Giulio abitava ad una decina di chilometri da casa mia, l’avevo conosciuto sul treno appena arrivato in questa città, fu un incontro casuale, lavorava per le Ferrovie come controllore e quando mi si avvicinò ne approfittai per chiedergli se conosceva qualcuno che affittava stanze, giusto per avere il tempo di trovarmi una sistemazione più adeguata. Ci pensò un po’ e poi mi propose di condividere il suo appartamento e, vista l’insistenza, accettai. Da allora diventammo grandi amici.
Grazie a lui trovai anche un lavoro. Condivisi il suo appartamento per un paio di mesi, poi dovetti trasferirmi in questo monolocale visto che si era sposato.
Nonostante il matrimonio Giulio mi rimase molto vicino, mi riteneva suo fratello; Veronica, la sua consorte, era una donna meravigliosa in attesa di un bimbo, che sarebbe dovuto nascere in primavera.
Il concepimento era avvenuto prima della loro unione ed erano proprio una bella coppia. Mi ricordo il giorno del loro matrimonio: pochi invitati, una cerimonia semplice e rapida; io feci da testimone e ciò mi lusingò parecchio.
Giulio e Veronica si erano conosciuti da bambini all’orfanotrofio, non mi raccontarono mai il perché della loro condizione, l’unica cosa che sapevo era che Veronica aveva un parente in Scozia che non volle mai conoscere; invece di Giulio non seppi nulla.
Ora Giulio era in trepidazione, oltre che in ansia, per la nascita di questo figlio, non ne vedeva l’ora anche se era un po’ preoccupato perché avevano ricoverato Veronica in ospedale a causa di giramenti di testa continui.

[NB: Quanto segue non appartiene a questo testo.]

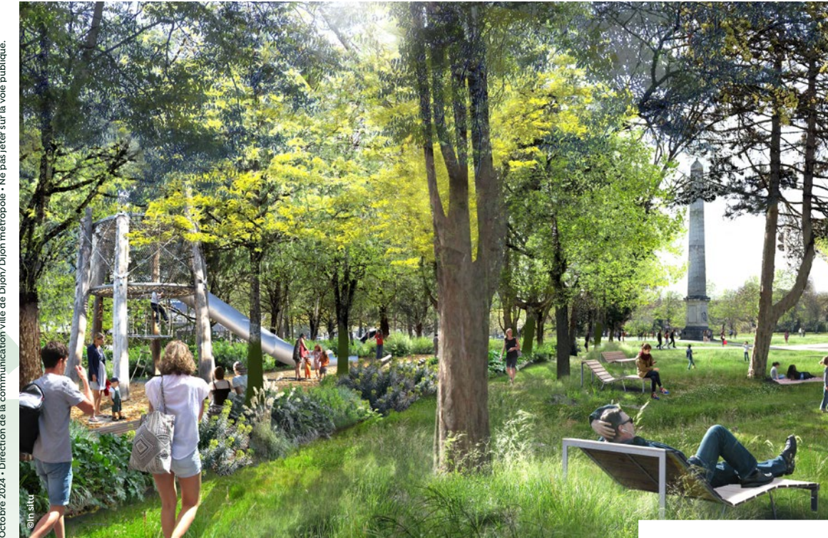
Octobre 2024 • Direction de la communication Ville de Dijon / Dijon métropole • Ne pas jeter sur la voie publique. @in situ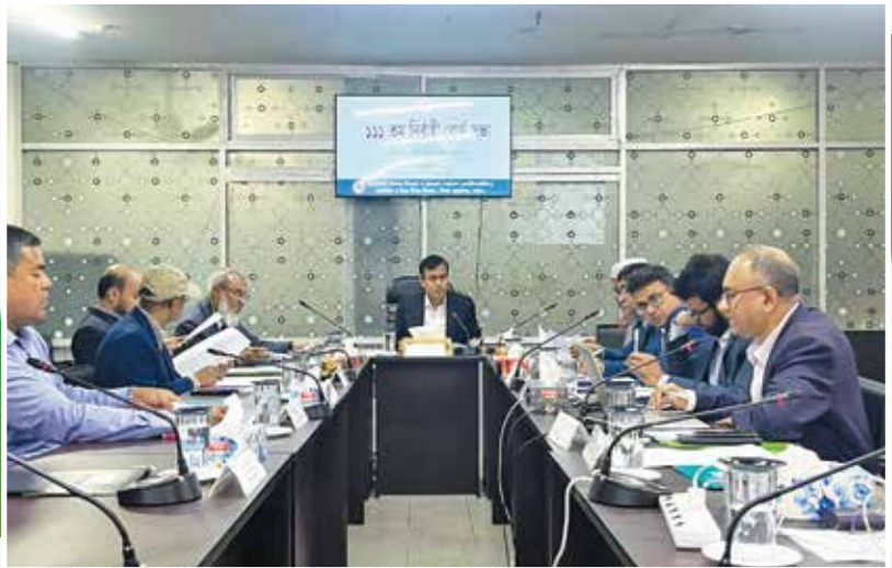
৭ ডিসেম্বর ২০২৫ খ্রি. তারিখে এনটিআরসিএ-এর ১১১তম নির্বাহী বোর্ড সভা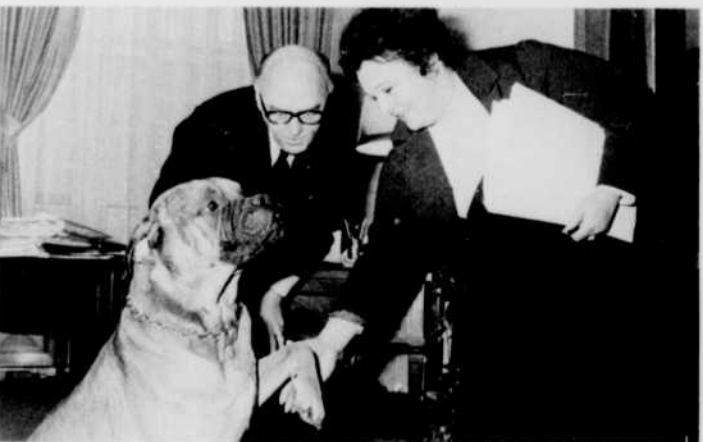
Devant les maires, il faut savoir montrer patte blanche...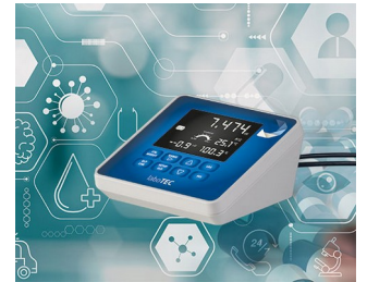
Laboratory measuring device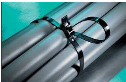
SpeedyTie – schnell und einfach.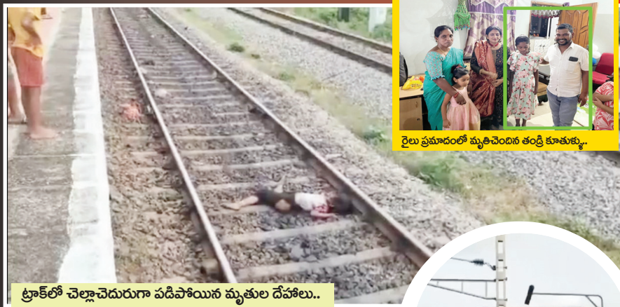
ట్రాక్లో చెల్లాచెదురుగా పడిపోయిన మృతుల దేహాలు..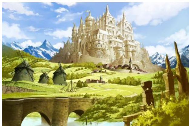
中央国家で最大の勢力を誇る騎士の国 グラス

ゲームの主な舞台となるのは、「シード」の中央に存在するひとときわ大きな大陸——中央大陸。そこにはいくつかの国家が存在しますが、そのうち4つの国家が大きな勢力を誇っています。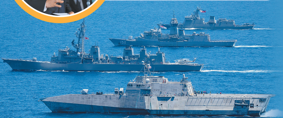
美日澳菲 4 國艦艇於 7 至 8 日在菲律賓專屬經濟海域舉行聯演，藉此宣示加強合作、嚇阻中共威脅的決心。

Nulla di grave, si diceva, ma avevano preferito tenerla a riposo sotto stretto controllo medico.
Guardai l’orologio, erano già passati quindici minuti, mi avvicinai alla porta del bagno e le dissi: Aglaia hai finito? Si fa tardi e devo anche passare in ospedale a trovare una mia amica.
La tua ragazza?
mi sussurrò.
No, non sono fidanzato; è la moglie di un mio amico.
Poco dopo uscì dal bagno, rimasi qualche istante ad osservarla: era splendida ma per colpa della mia timidezza non ebbi il coraggio di dirglielo. Mi diressi frettolosamente verso la finestra, guardai il cielo, era nuvoloso.
Adesso andiamo al centro commerciale e chiediamo a qualche guardia se per caso ti riconosce, si ricorda di te o se ha trovato qualche documento che ti appartiene.
Uscimmo immediatamente e ci avviammo verso l’ipermercato; scendendo le scale incontrammo l’odiosa vicina di casa. Buongiorno signora
dissi forzatamente.
Non mi ascoltò neanche perché stava squadrando da capo a piedi Aglaia. Poi, con voce smorfiosa, disse: Buongiorno signorina, è per caso la nuova inquilina? Divide l’appartamento con questo signore?
La interruppi subito e scocciato le dissi: No signora, è solo una mia amica.